[Records contained in a dataset]
• • • • •

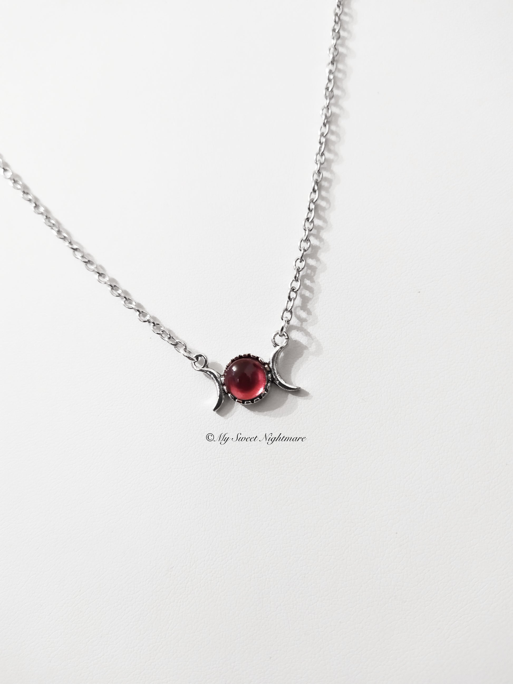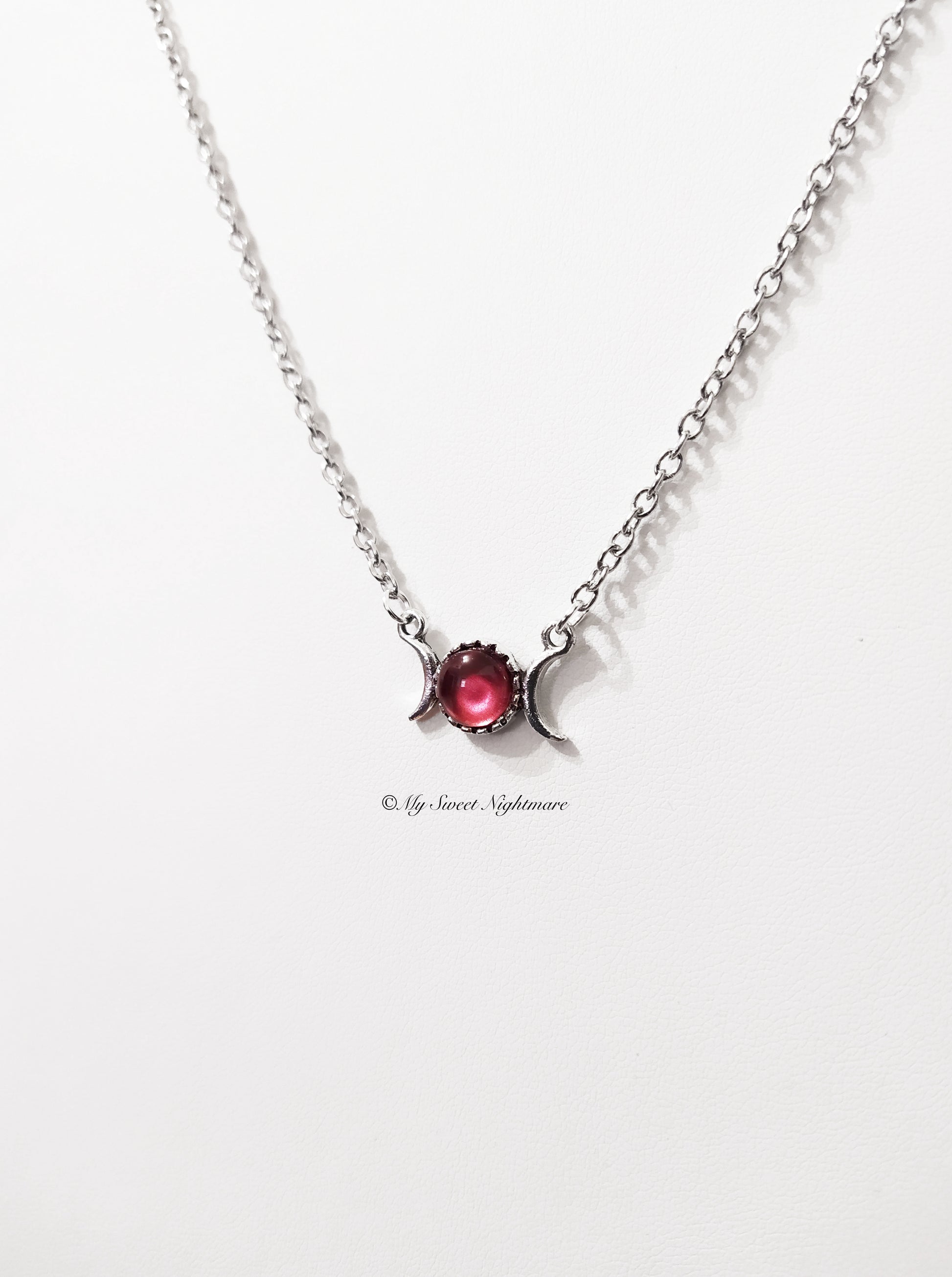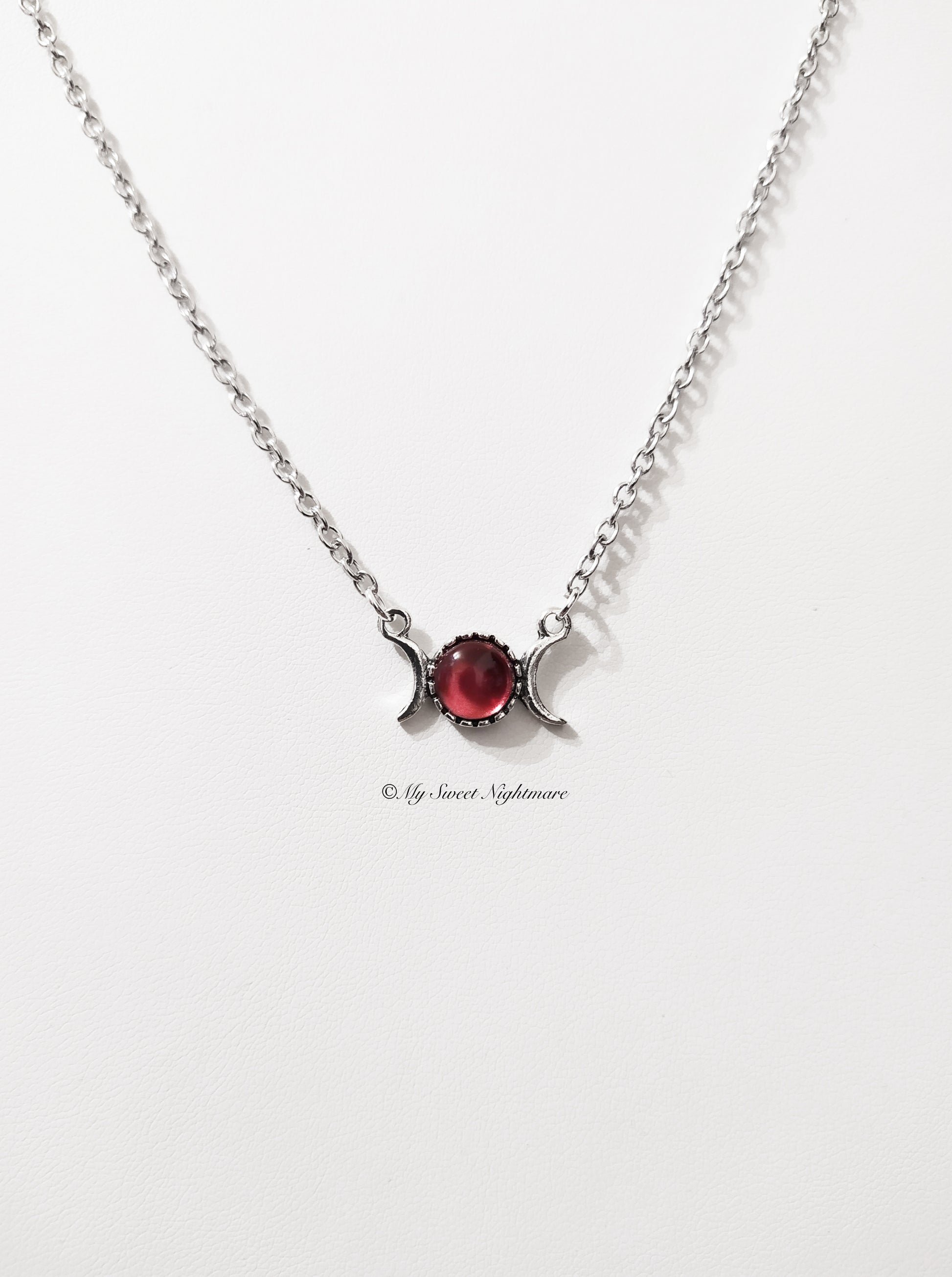 Il cabochon di questa piccola triplice luna è stato dipinto a mano di rosso, questo gioiello simbologia la triplice luna che rappresenta le fasi di crescita femminile, la luna crescente a sinistra rappresenta la fanciulla, la luna piena al centro rappresenta la madre, la luna calante a destra rappresenta la donna anziana.
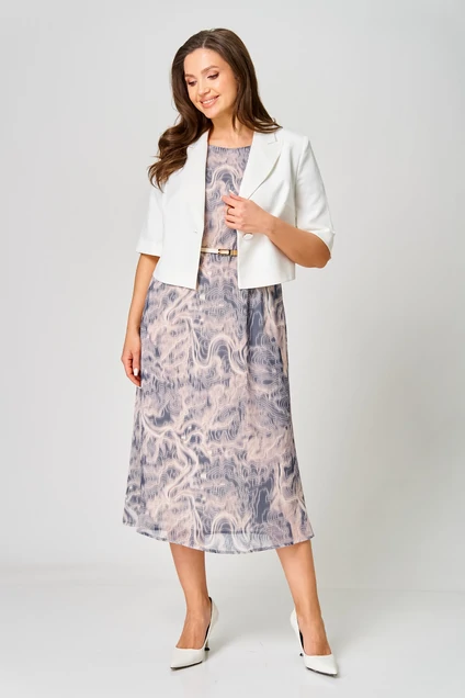 Платье выполнено из шифона, на трикотажной подкладке. Силуэт прямой, чуть расширен к низу. Покрой цельновыкроенный. Рукав короткий. Низ рукава оформлен манжеткой. По переду нагрудные выточки. Горловина овальная. Платье без застёжки. Спинка со средним швом без особенностей. Съёмный тонкий ремешок в комплекте.
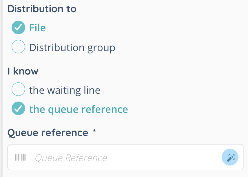 For a number of actions, you will have the choice between the item itself (e.g. a queue) or its reference, which you chose at the time of creation.
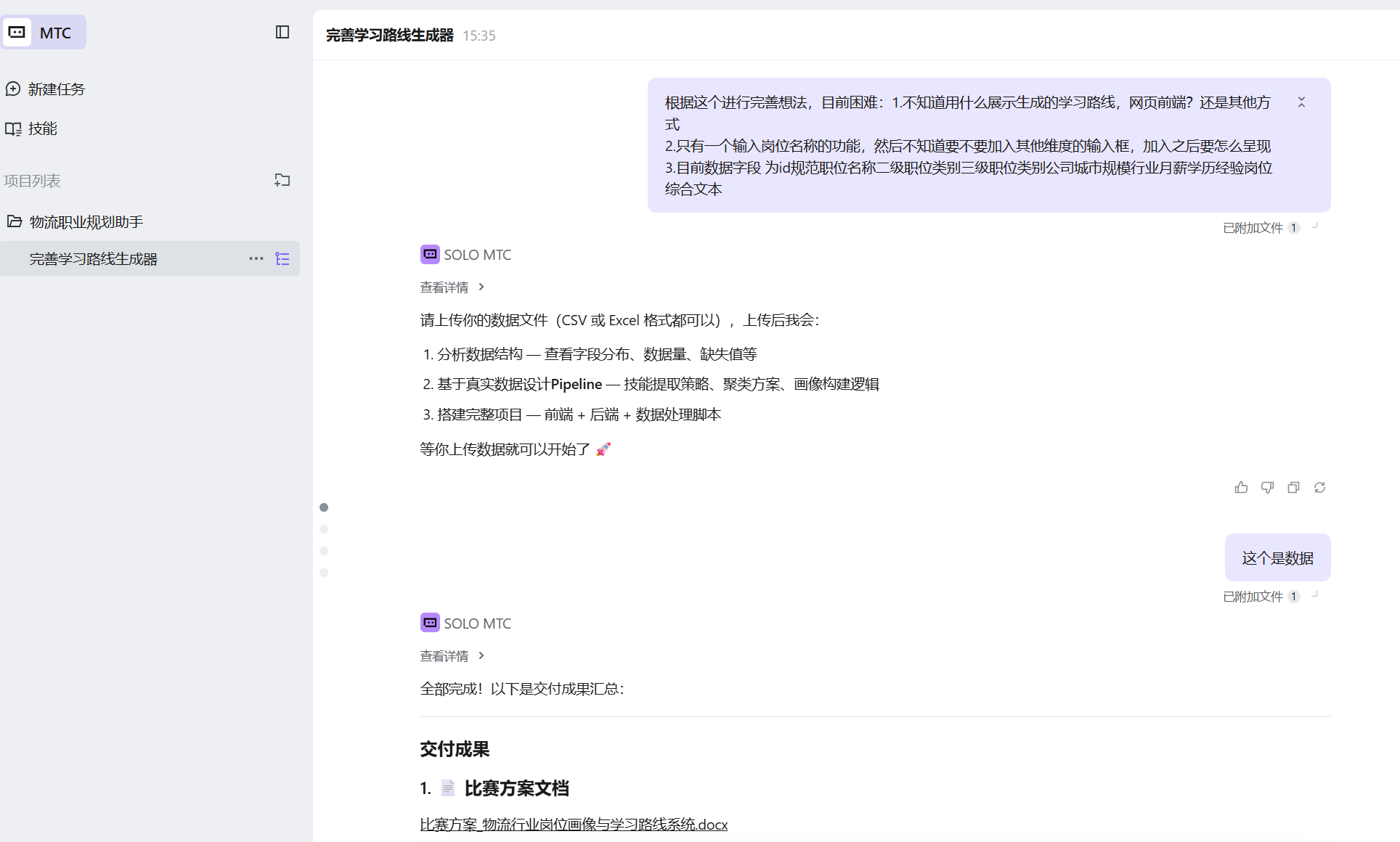 面向物流行业求职者和从业者,在职业规划和技能提升场景下提供智能岗位画像和个性化学习路线生成服务,目前通过演示数据验证有效。
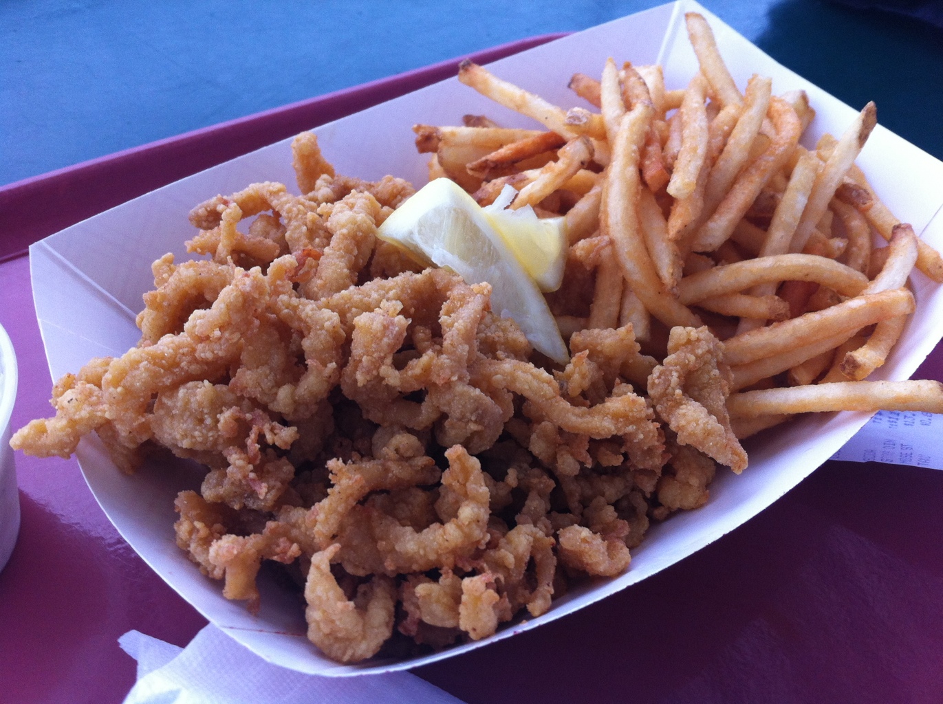 They were agreeable indeed, very much what you think they are: breaded clam strips. Crunchy but not to the point of having lost all of their clam meat within. Flavorful without being fishy. Crunchy and not greasy. Very pleasant and on balance wonderful clam strips. However, I do not know that they make for destination dining the same way the Hot Lob does. They are delightful for scratching your fried food itch, and I think I rate them better than most clam strips I’ve had, fresher perhaps, but nonetheless it is a deep-fried thing you dip in tartar sauce.
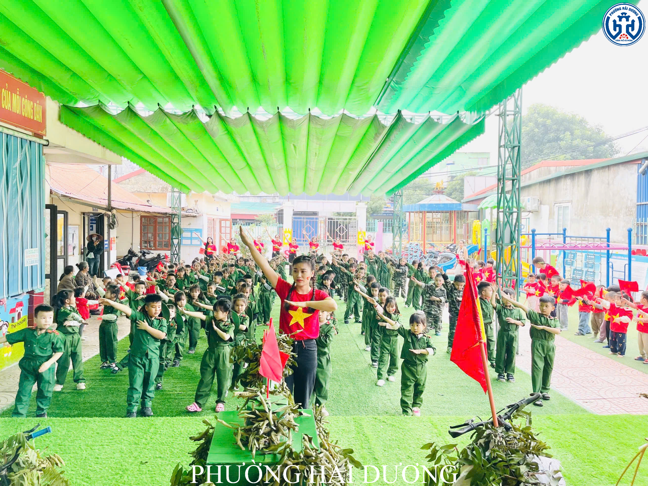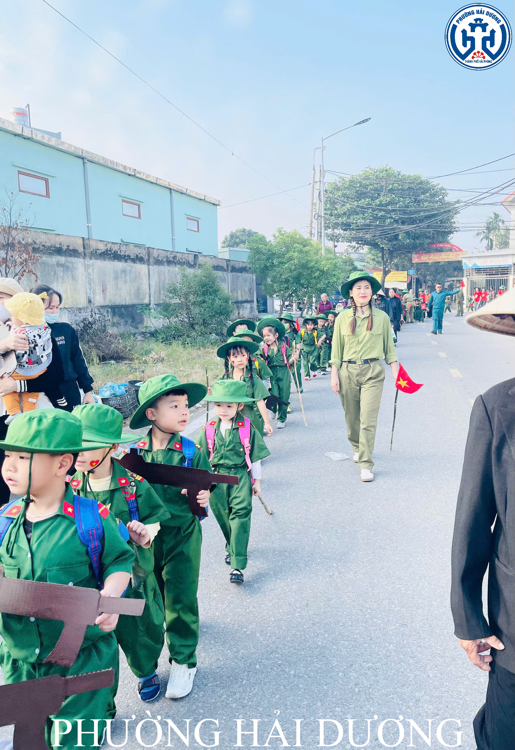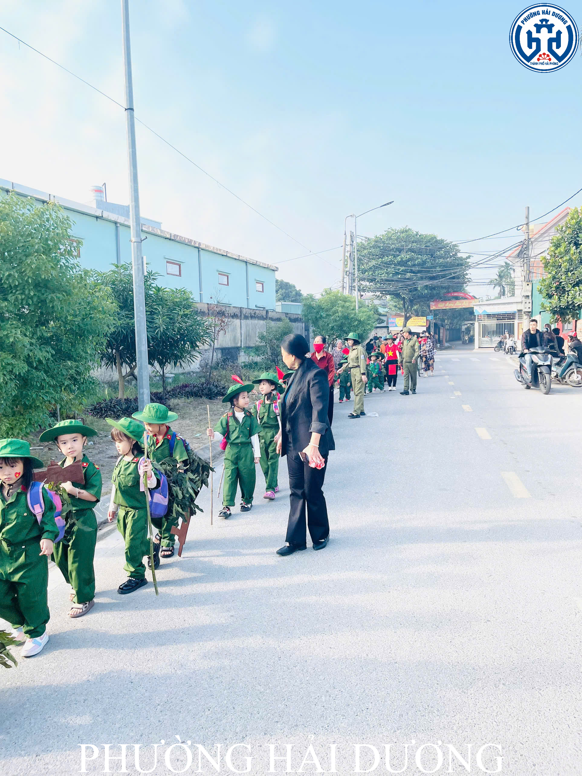Chương trình diễn ra trang nghiêm, trật tự và tuyệt đối an toàn với sự hỗ trợ của Ban Chỉ huy Quân sự phường Hải Dương, lực lượng dân quân tự vệ tổ dân phố số 3 cùng sự đồng hành của các bậc phụ huynh. Sự phối hợp nhịp nhàng giữa nhà trường và các lực lượng đã giúp các bé có một buổi diễu hành trọn vẹn, đầy ắp niềm vui. Ngoài phần diễu hành, các bé còn tham gia đồng diễn “Nối vòng tay lớn” và biểu diễn những tiết mục múa hát hướng tới ngày 22/12. Những vòng tay nhỏ nối liền nhau, những động tác khỏe khoắn và tiếng hát trong trẻo vang lên trong gió khiến sân trường trở nên rực rỡ, ấm áp hơn.

• • • • •

YOUR INSTRUCTIONS ▸ Print, exactly as written, the lines above from the first one to the one containing "面向物流行业求职者和从业者,在职业规划和". Leave out pictures.

FINISHED TASK ▸
 Il cabochon di questa piccola triplice luna è stato dipinto a mano di rosso, questo gioiello simbologia la triplice luna che rappresenta le fasi di crescita femminile, la luna crescente a sinistra rappresenta la fanciulla, la luna piena al centro rappresenta la madre, la luna calante a destra rappresenta la donna anziana.
 Платье выполнено из шифона, на трикотажной подкладке. Силуэт прямой, чуть расширен к низу. Покрой цельновыкроенный. Рукав короткий. Низ рукава оформлен манжеткой. По переду нагрудные выточки. Горловина овальная. Платье без застёжки. Спинка со средним швом без особенностей. Съёмный тонкий ремешок в комплекте.
 For a number of actions, you will have the choice between the item itself (e.g. a queue) or its reference, which you chose at the time of creation.
 面向物流行业求职者和从业者,在职业规划和技能提升场景下提供智能岗位画像和个性化学习路线生成服务,目前通过演示数据验证有效。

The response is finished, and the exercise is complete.